**Required work**
Pictures excluded, reproduce exactly the lines below from the one with "Набір анальних пробок" through the one with "- Эффективная работа", both included.

**Records shown**
- - - - - - -

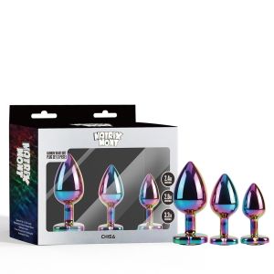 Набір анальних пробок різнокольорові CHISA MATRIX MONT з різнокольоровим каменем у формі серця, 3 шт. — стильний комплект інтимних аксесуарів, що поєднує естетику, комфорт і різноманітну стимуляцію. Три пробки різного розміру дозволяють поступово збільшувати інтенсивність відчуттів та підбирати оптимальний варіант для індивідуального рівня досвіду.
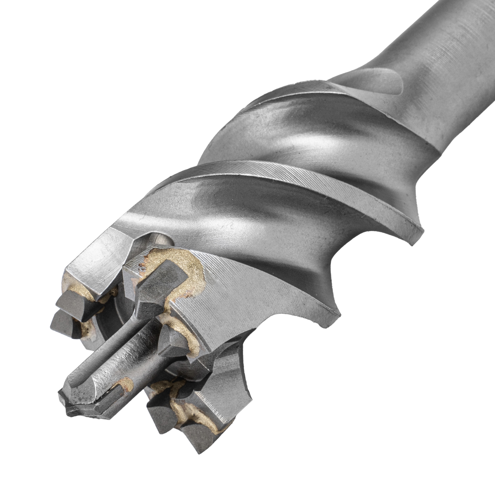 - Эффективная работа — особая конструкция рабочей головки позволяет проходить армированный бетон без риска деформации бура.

- - - - - - -

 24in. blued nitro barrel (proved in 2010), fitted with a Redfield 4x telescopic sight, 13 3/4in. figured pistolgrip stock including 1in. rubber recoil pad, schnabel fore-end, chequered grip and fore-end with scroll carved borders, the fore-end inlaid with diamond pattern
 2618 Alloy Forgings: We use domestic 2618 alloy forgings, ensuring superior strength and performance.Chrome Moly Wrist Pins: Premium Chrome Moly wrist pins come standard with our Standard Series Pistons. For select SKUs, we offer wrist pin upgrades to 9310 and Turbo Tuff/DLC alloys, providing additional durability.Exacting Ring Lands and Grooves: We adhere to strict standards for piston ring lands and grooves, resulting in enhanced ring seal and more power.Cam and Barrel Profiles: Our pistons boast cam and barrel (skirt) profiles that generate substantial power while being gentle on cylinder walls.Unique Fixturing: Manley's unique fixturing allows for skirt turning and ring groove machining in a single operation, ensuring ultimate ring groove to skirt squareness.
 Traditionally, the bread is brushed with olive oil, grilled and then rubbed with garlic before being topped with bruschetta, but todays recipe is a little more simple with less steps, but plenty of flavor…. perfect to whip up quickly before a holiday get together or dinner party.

- - - - - - -

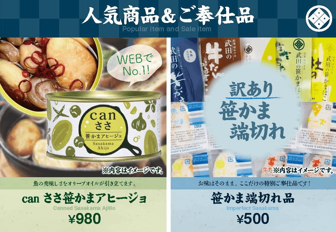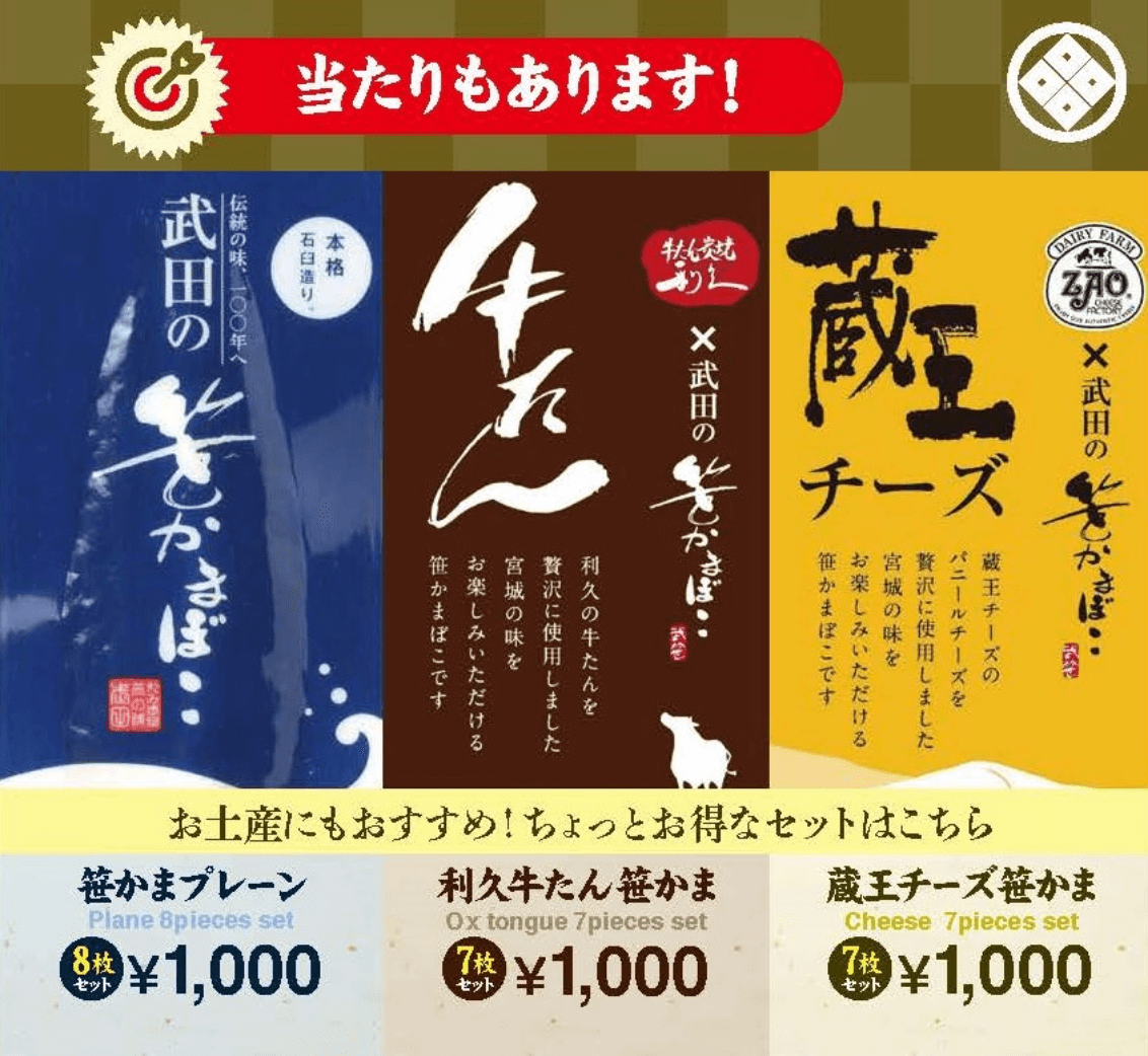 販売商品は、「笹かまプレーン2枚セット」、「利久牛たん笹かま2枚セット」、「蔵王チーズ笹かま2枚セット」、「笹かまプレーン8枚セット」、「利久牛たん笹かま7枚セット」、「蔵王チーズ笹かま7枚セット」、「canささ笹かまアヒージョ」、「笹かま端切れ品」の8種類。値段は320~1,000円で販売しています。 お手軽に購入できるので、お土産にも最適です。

- - - - - - -

**Reply**
 Набір анальних пробок різнокольорові CHISA MATRIX MONT з різнокольоровим каменем у формі серця, 3 шт. — стильний комплект інтимних аксесуарів, що поєднує естетику, комфорт і різноманітну стимуляцію. Три пробки різного розміру дозволяють поступово збільшувати інтенсивність відчуттів та підбирати оптимальний варіант для індивідуального рівня досвіду.
 - Эффективная работа — особая конструкция рабочей головки позволяет проходить армированный бетон без риска деформации бура.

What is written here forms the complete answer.